Word for word, reproduce each line of the data below, omitting every image.

--- Data section ---

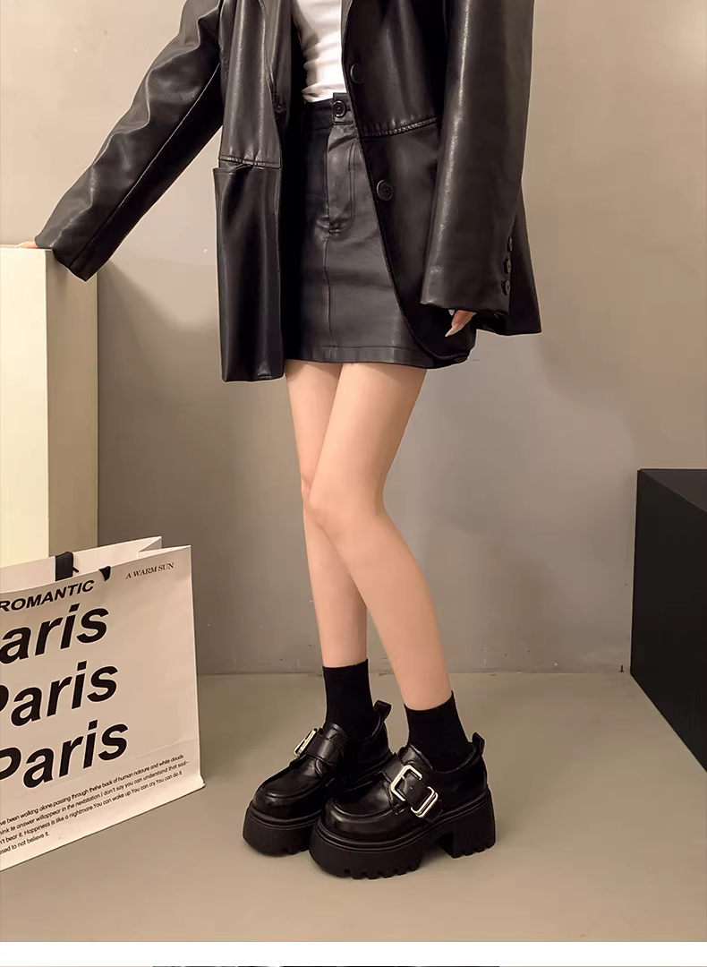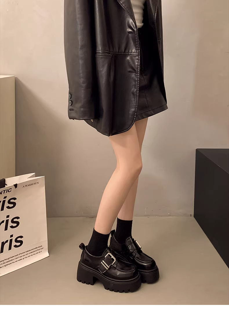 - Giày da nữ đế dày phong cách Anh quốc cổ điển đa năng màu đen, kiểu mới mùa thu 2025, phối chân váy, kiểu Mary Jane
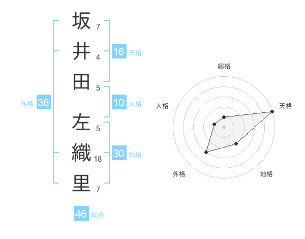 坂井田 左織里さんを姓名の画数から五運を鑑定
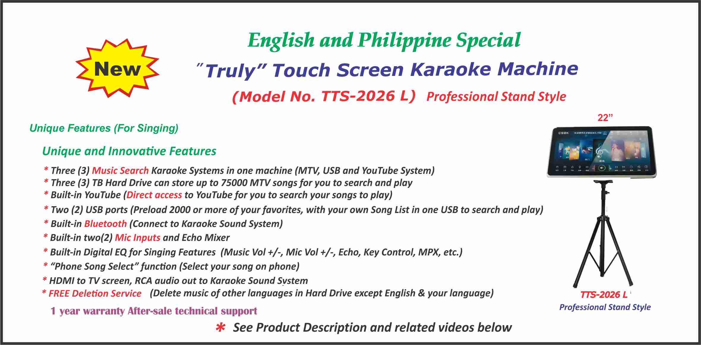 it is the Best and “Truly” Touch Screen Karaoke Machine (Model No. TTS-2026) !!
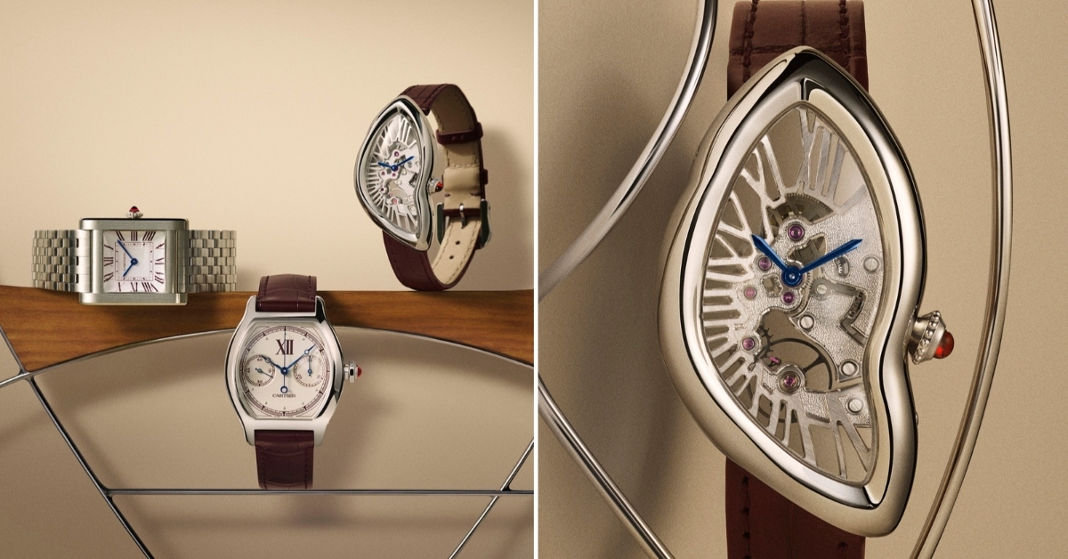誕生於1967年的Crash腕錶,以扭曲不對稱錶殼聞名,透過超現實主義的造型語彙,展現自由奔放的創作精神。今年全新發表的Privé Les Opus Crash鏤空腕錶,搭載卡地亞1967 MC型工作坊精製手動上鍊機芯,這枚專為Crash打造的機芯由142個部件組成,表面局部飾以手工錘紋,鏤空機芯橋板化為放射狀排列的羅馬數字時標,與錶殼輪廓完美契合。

---

Output:
 - Giày da nữ đế dày phong cách Anh quốc cổ điển đa năng màu đen, kiểu mới mùa thu 2025, phối chân váy, kiểu Mary Jane
 坂井田 左織里さんを姓名の画数から五運を鑑定
 it is the Best and “Truly” Touch Screen Karaoke Machine (Model No. TTS-2026) !!
誕生於1967年的Crash腕錶,以扭曲不對稱錶殼聞名,透過超現實主義的造型語彙,展現自由奔放的創作精神。今年全新發表的Privé Les Opus Crash鏤空腕錶,搭載卡地亞1967 MC型工作坊精製手動上鍊機芯,這枚專為Crash打造的機芯由142個部件組成,表面局部飾以手工錘紋,鏤空機芯橋板化為放射狀排列的羅馬數字時標,與錶殼輪廓完美契合。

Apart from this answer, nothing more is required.